Modified Floor Block with Crocodile Breathing
How to Perform This Exercise:
- Lie on your stomach with your forehead on the floor and your legs straight out behind you
- Your feet should be pigeon toed and your buttocks relaxed
- Pigeon toed: Big toes touching and heels completely relaxed so they fall out to the sides
- Place pillows / blocks / something similar under your forearms so they are fully supported while relaxed
- The blocks should be about 6 inches / 15cm in height
- If that height isn’t comfortable, start with something lower that is comfortable – 4 inches /10cm or even 2 inches / 5 cm
- While in this position, breathe slowly, fully and deeply into your belly
- As you breathe down into your belly, concentrate on allowing the entire region to expand
- You should feel your belly pushing into the floor, your back (around the kidney area) expanding out and your sides/ribs expanding out
- Don’t worry if you don’t feel this initially; as you continue with the exercise, the proper pattern will become established and you will feel these things
- Do not press your arms into blocks – just allow them to relax
How Long To Do This Exercise:
- Keep breathing like this for 5 minutes
If you experience any pain in that position, you can adjust your arm and hand position as pictured below.
If that still causes you pain or discomfort, then come up out of the position and switch to the following exercise instead.
Static Back Abdominal Contractions
How to Perform This Exercise:
- Lay on your back with your legs up over a chair, or block, or similar
- Have your knees bent as close to 90° as possible and ensure you get in close to the chair so that your knees are directly over your hips
- Your arms are out to the sides with the palms facing up
- Take a slow . . . full . . . deep breath in through your nose and direct it into your belly
- Your belly should be rising with the breath (as opposed to only your chest)

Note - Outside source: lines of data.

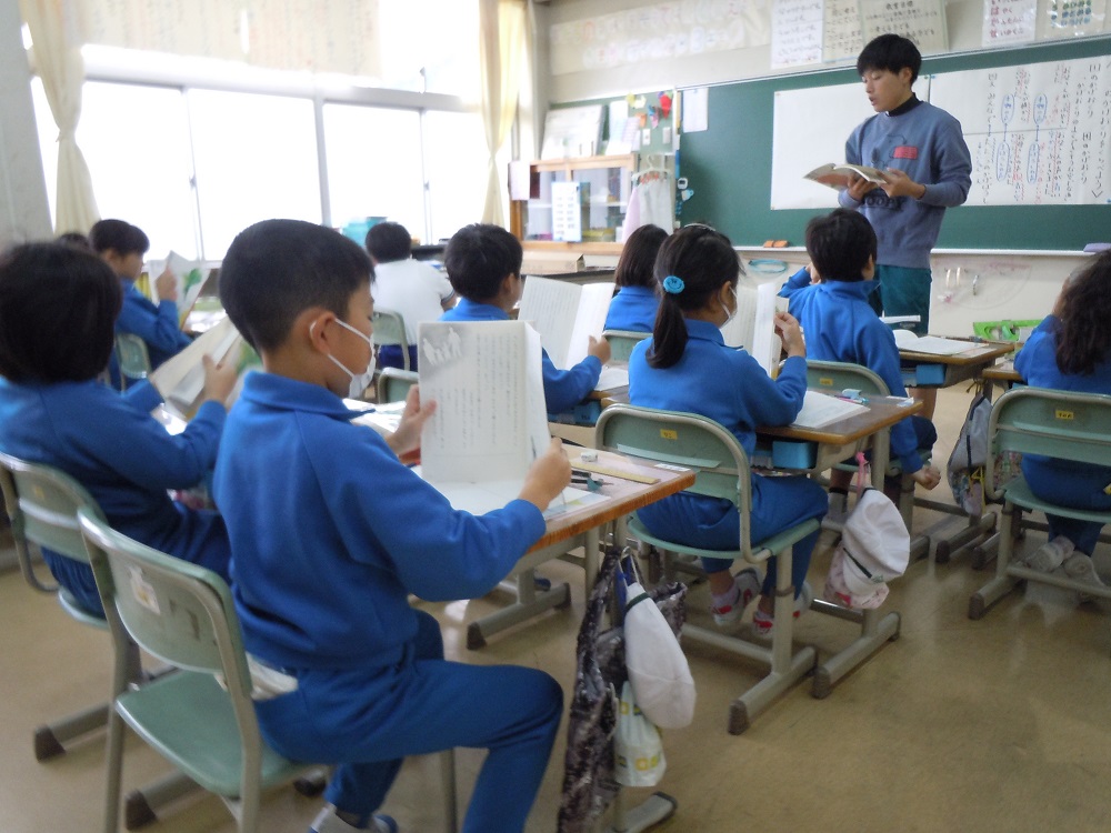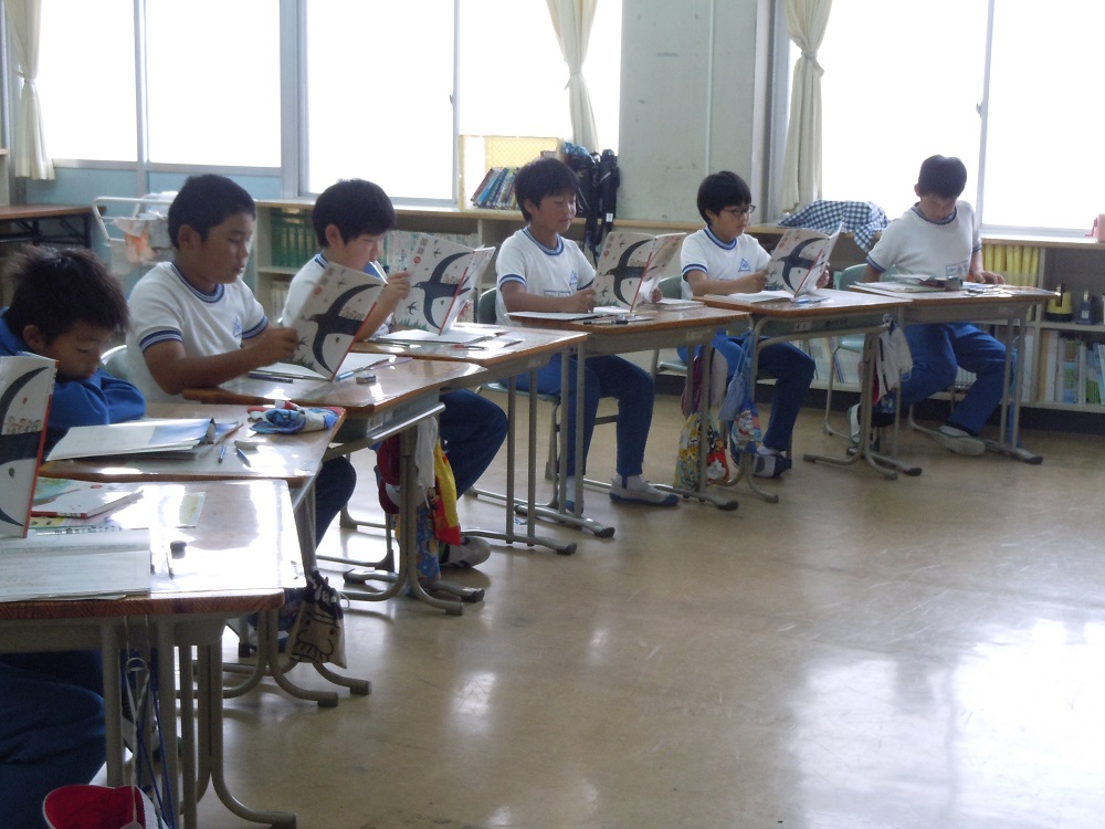 4年生は「ごんぎつね」文章を分担したきれいな音読が心地よく流れます。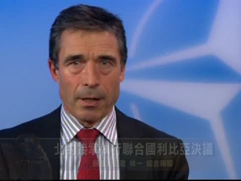北約秘書長安諾斯.福格.拉斯穆森(Anders Fogh Rasmussen):“北約盟國已決定, 全權負責在利比亞的軍事行動, 執行聯合國安理會的決議。我們的目標是保護受卡扎菲政權威脅的平民和居民區。北約將全面執行聯合國決議, 不多也不少。”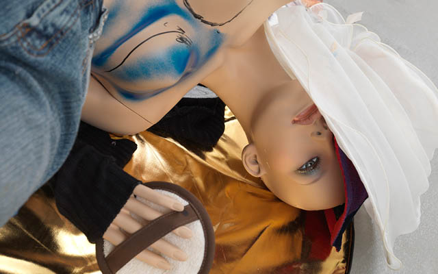 Schauspieler (Actors) (detail), 2013. Mannequin, fabric, shoes, plastic, lacquer, mirror, and color print on paper. Courtesy Galerie Buchholz, Cologne/Berlin. Photo: Jens Ziehe, Berlin © Isa Genzken.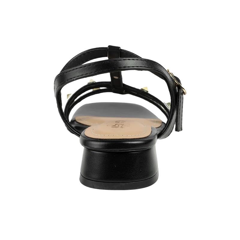 • Edgy Detailing: Gold-toned pyramid studs on the T-strap and forefoot straps add a bold, sophisticated, rock-stud flair.

- If you find it difficult to direct the breath into your belly and instead find you breathe up into your chest, place a book or something on your belly to help focus your attention in that area
- Now breathe out and allow your belly to fall again with the exhale
- At the point of having breathed out completely, contract your abdominal muscles – quite sharply – and HOLD for a count of 3 (tense as if bracing for an impact in the abdomen)
- After a count of 3, relax the contraction of your abdominal muscles and then breathe in again, REPEATING the entire process
How Long To Do This Exercise:
- Continue breathing like this for 5 minutes
Now stand up and notice what feels different.
Notice What Feels Different
You should notice how much easier you’re breathing now and when you really tune into your body, you’ll probably also notice how your breathing feels more natural and less effort.
You’ve just started the process of engaging the correct muscles of respiration, which in turn has allowed the muscles that have been compensating to relax and let go a bit. This will create a positive cascade effect throughout your body.